Your instructions: All records below are to be set down precisely as written, excluding pictures.

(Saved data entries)
* * *
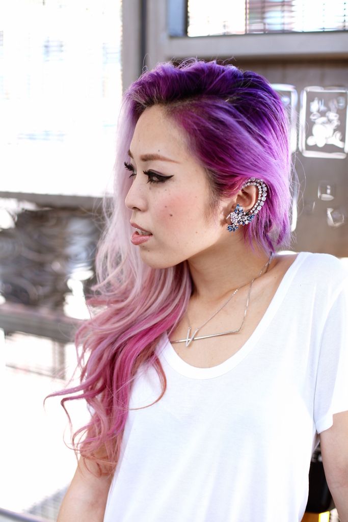 Oooh, I love your layered necklaces! And wow, the ear cuff is something! Best of all? I love the neutral color scheme of your outfit set against your purple hair, beautiful! :)
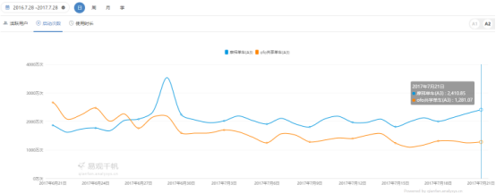 從APP周、季日啟動次數數據來看,摩拜發展態勢一致向好,而且發展速度比以往更加迅速。 7 月 21 日比來一天數據顯示,摩拜APP日啟動次數達到 2411 萬,ofo為 1281 萬。摩拜競領先88%,數據驚人。此外,, 6 月 21 日~ 7 月 21 日,摩拜APP日啟動次數單月走勢,從 1863 萬增長至 2411 萬,增幅為29%,ofo為從 2666 萬下滑至 1281 萬,降幅為52%,差距比較明顯。
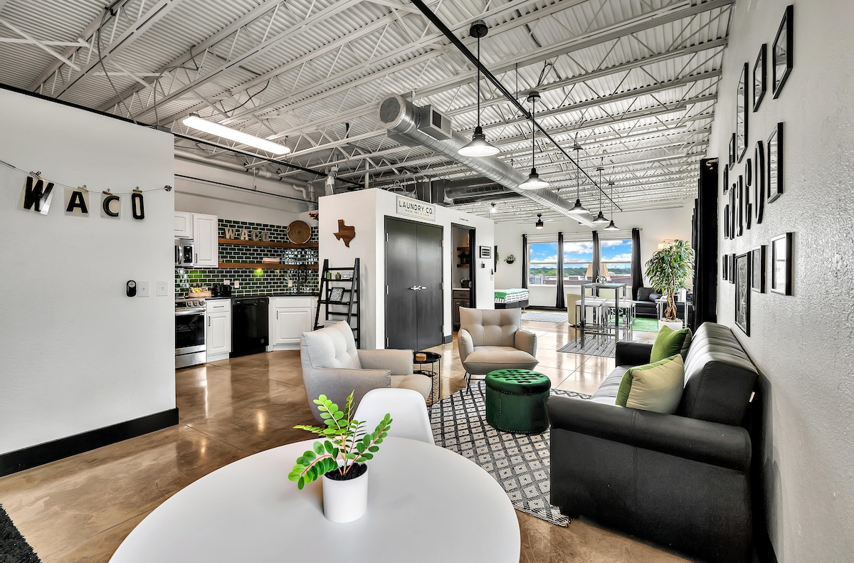 Step into the heart of Waco and elevate your stay at The Loft, a luxury urban retreat in the iconic Behrens Lofts. Situated just steps from the famous Magnolia Market, minutes from Baylor University, and a short drive to Waco Surf, this industrial-chic haven offers the perfect blend of comfort, style, and unbeatable location. Ideal for families, Baylor alumni, and groups of friends, The Loft is your ultimate gateway to everything Waco has to offer.
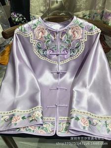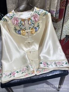 9547新中式新款国色牡丹复古重工刺绣醋酸缎面宽松外套女盘扣
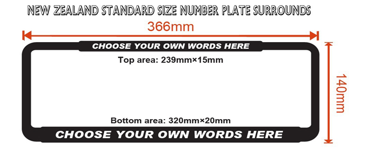 We can personalise your number plate surrounds with any text/logo/design of your choice.They fit standard size New Zealand number Plates.
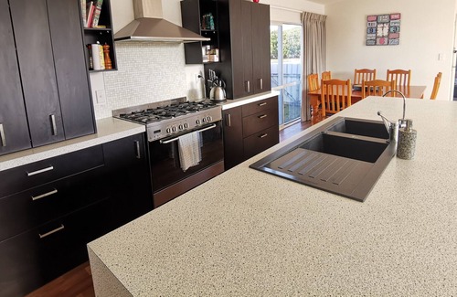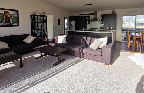 The open-plan living, dining and kitchen area is set up perfectly for cooking, socialising and indoor-outdoor flow to the north facing sheltered deck where you can sit back, relax and listen to the waves. The lawn alongside the deck is the perfect size for kids to play on, while you grill up a BBQ feast or lie back in the sun with a good book from the bookshelf. Raining.... the well stocked games cupboard means you can challenge friends and family to a high stakes game and enjoy some old fashioned bonding.
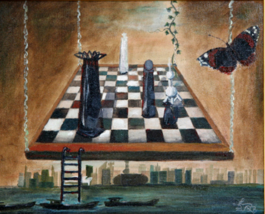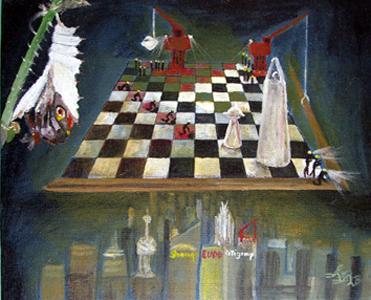 Als die Künstlerin 2003 in Shanghai ankam, war die Skyline der Metropole noch überschaubar. Es gab sehr viele fantastische Hochhäuser. Sie überragten die alten Stadtviertel wie Schachfiguren auf einem Schachbrett. Im Laufe der knapp 5 Jahre hat sich das Stadtbild total verändert. Es wurden soviele Skyskraper gebaut, dass das einzelne Gebäude in der Masse untergeht. Schade, denn jeder Turm ist besonders schön. Das war der erste äußerliche Eindruck, der auf das Schachmotiv hinwies.
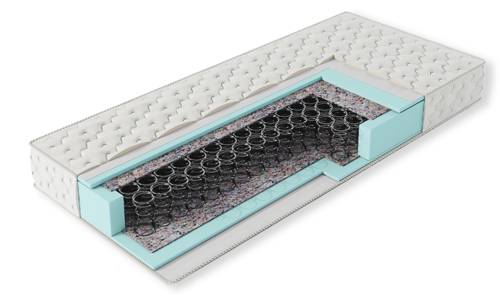 Матрас на основе классической пружинной системы "Bonnell", с такими наполнителями как ватин и пенополиуретан создают комфортные условия для сна. Модель низкой степени жесткости.
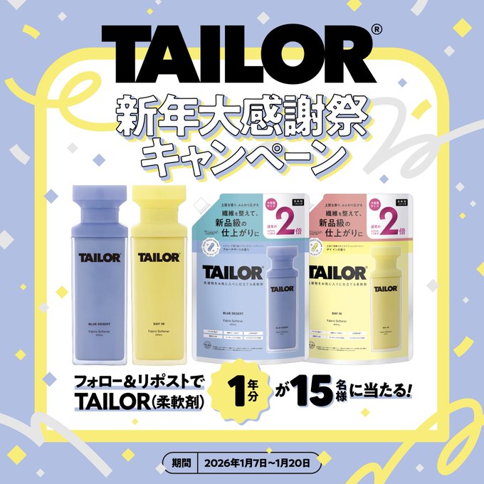 【X懸賞】TAILOR 1年分を15名様にプレゼント 2026.01.18TAILOR 新年大感謝祭キャンペーン 賞品:TAILOR 1年分(15名様) 締切:2026年1月20日(火)公式X(Twitter)アカウントをフォロー&キャンペーン対象ポストをリポストしてご応募ください。※詳細はキャンペーンページにてご確認ください。応募はこちらから
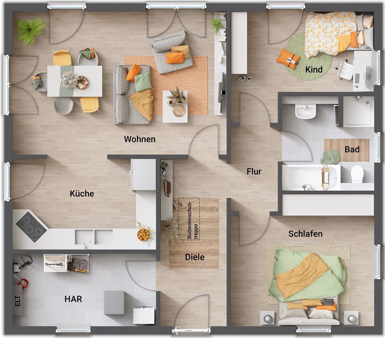 Das geräumige Wohnzimmer ist Treffpunkt für die ganze Familie. Durch die großen Fenster können Sie direkt in Ihren Garten blicken und das einfallende Tageslicht genießen. Auch das Schlaf- und Kinderzimmer haben die richtigen Wohlfühlmaße und bieten jedem Familienmitglied seinen persönlichen Rückzugsort. Im Bungalow 92 genießen Sie ein ungezwungenes Wohnen ohne Hindernisse.
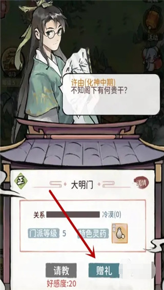 想要低风险拿到其他门派的特殊资源,可以选择“请教”这个功能。触发请教功能之前,需要先拜访对应门派,给门派掌门赠送礼物提升好感度,操作门槛很低。赠礼会逐步拉高对方掌门和你的好感度,好感度达标之后就能和平对话。不同好感度等级会触发不同的对话内容,也能拿到不同的奖励,好感度达到指定数值后,就能通过请教功能获取对方的专属奖励。
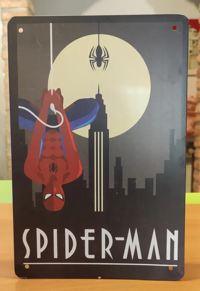 Dettagli del prodottoPoster decorativo in latta con grafica di Spider-Man.
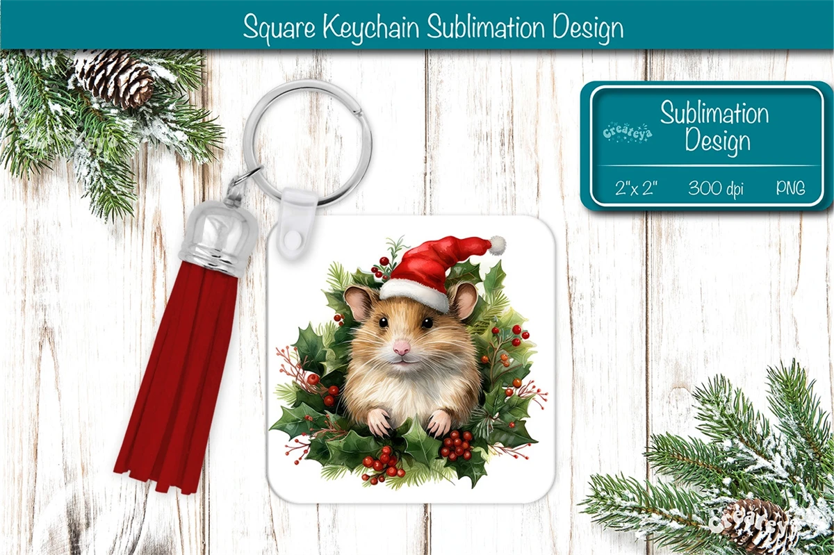 Square keychain sublimation Christmas keychain sublimation design with a cute Watercolor Animal Keychain PNG. Christmas Sublimation Square keychain with adorable snowman, vibrant colors, and lasting memories. Perfect as a delightful gift.
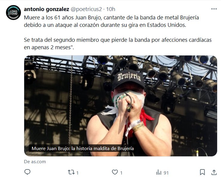 POSTCOVID HACE ESTRAGOS Muere a los 61 años Juan Brujo, cantante de la banda de metal Brujería debido a un ataque al corazón durante su gira en Estados Unidos. Se trata del segundo miembro que pierde la banda por afecciones cardíacas en apenas 2 meses»
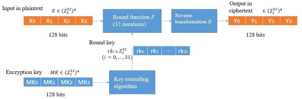 ·SM4: SM4 is a block cipher algorithm with a block length of 128 bits (16 bytes, 4 words) and a key length of 128 bits (16 bytes, 4 words). With it, the encryption and decryption process adopts a 32-round iterative mechanism (similar to DES and AES), with a round key (similar to DES and AES) and a reverse transformation for each iteration.
* * *
Reply:
 Oooh, I love your layered necklaces! And wow, the ear cuff is something! Best of all? I love the neutral color scheme of your outfit set against your purple hair, beautiful! :)
 從APP周、季日啟動次數數據來看,摩拜發展態勢一致向好,而且發展速度比以往更加迅速。 7 月 21 日比來一天數據顯示,摩拜APP日啟動次數達到 2411 萬,ofo為 1281 萬。摩拜競領先88%,數據驚人。此外,, 6 月 21 日~ 7 月 21 日,摩拜APP日啟動次數單月走勢,從 1863 萬增長至 2411 萬,增幅為29%,ofo為從 2666 萬下滑至 1281 萬,降幅為52%,差距比較明顯。
 Step into the heart of Waco and elevate your stay at The Loft, a luxury urban retreat in the iconic Behrens Lofts. Situated just steps from the famous Magnolia Market, minutes from Baylor University, and a short drive to Waco Surf, this industrial-chic haven offers the perfect blend of comfort, style, and unbeatable location. Ideal for families, Baylor alumni, and groups of friends, The Loft is your ultimate gateway to everything Waco has to offer.
 9547新中式新款国色牡丹复古重工刺绣醋酸缎面宽松外套女盘扣
 We can personalise your number plate surrounds with any text/logo/design of your choice.They fit standard size New Zealand number Plates.
 The open-plan living, dining and kitchen area is set up perfectly for cooking, socialising and indoor-outdoor flow to the north facing sheltered deck where you can sit back, relax and listen to the waves. The lawn alongside the deck is the perfect size for kids to play on, while you grill up a BBQ feast or lie back in the sun with a good book from the bookshelf. Raining.... the well stocked games cupboard means you can challenge friends and family to a high stakes game and enjoy some old fashioned bonding.
 Als die Künstlerin 2003 in Shanghai ankam, war die Skyline der Metropole noch überschaubar. Es gab sehr viele fantastische Hochhäuser. Sie überragten die alten Stadtviertel wie Schachfiguren auf einem Schachbrett. Im Laufe der knapp 5 Jahre hat sich das Stadtbild total verändert. Es wurden soviele Skyskraper gebaut, dass das einzelne Gebäude in der Masse untergeht. Schade, denn jeder Turm ist besonders schön. Das war der erste äußerliche Eindruck, der auf das Schachmotiv hinwies.
 Матрас на основе классической пружинной системы "Bonnell", с такими наполнителями как ватин и пенополиуретан создают комфортные условия для сна. Модель низкой степени жесткости.
 【X懸賞】TAILOR 1年分を15名様にプレゼント 2026.01.18TAILOR 新年大感謝祭キャンペーン 賞品:TAILOR 1年分(15名様) 締切:2026年1月20日(火)公式X(Twitter)アカウントをフォロー&キャンペーン対象ポストをリポストしてご応募ください。※詳細はキャンペーンページにてご確認ください。応募はこちらから
 Das geräumige Wohnzimmer ist Treffpunkt für die ganze Familie. Durch die großen Fenster können Sie direkt in Ihren Garten blicken und das einfallende Tageslicht genießen. Auch das Schlaf- und Kinderzimmer haben die richtigen Wohlfühlmaße und bieten jedem Familienmitglied seinen persönlichen Rückzugsort. Im Bungalow 92 genießen Sie ein ungezwungenes Wohnen ohne Hindernisse.
 想要低风险拿到其他门派的特殊资源,可以选择“请教”这个功能。触发请教功能之前,需要先拜访对应门派,给门派掌门赠送礼物提升好感度,操作门槛很低。赠礼会逐步拉高对方掌门和你的好感度,好感度达标之后就能和平对话。不同好感度等级会触发不同的对话内容,也能拿到不同的奖励,好感度达到指定数值后,就能通过请教功能获取对方的专属奖励。
 Dettagli del prodottoPoster decorativo in latta con grafica di Spider-Man.
 Square keychain sublimation Christmas keychain sublimation design with a cute Watercolor Animal Keychain PNG. Christmas Sublimation Square keychain with adorable snowman, vibrant colors, and lasting memories. Perfect as a delightful gift.
 POSTCOVID HACE ESTRAGOS Muere a los 61 años Juan Brujo, cantante de la banda de metal Brujería debido a un ataque al corazón durante su gira en Estados Unidos. Se trata del segundo miembro que pierde la banda por afecciones cardíacas en apenas 2 meses»
 ·SM4: SM4 is a block cipher algorithm with a block length of 128 bits (16 bytes, 4 words) and a key length of 128 bits (16 bytes, 4 words). With it, the encryption and decryption process adopts a 32-round iterative mechanism (similar to DES and AES), with a round key (similar to DES and AES) and a reverse transformation for each iteration.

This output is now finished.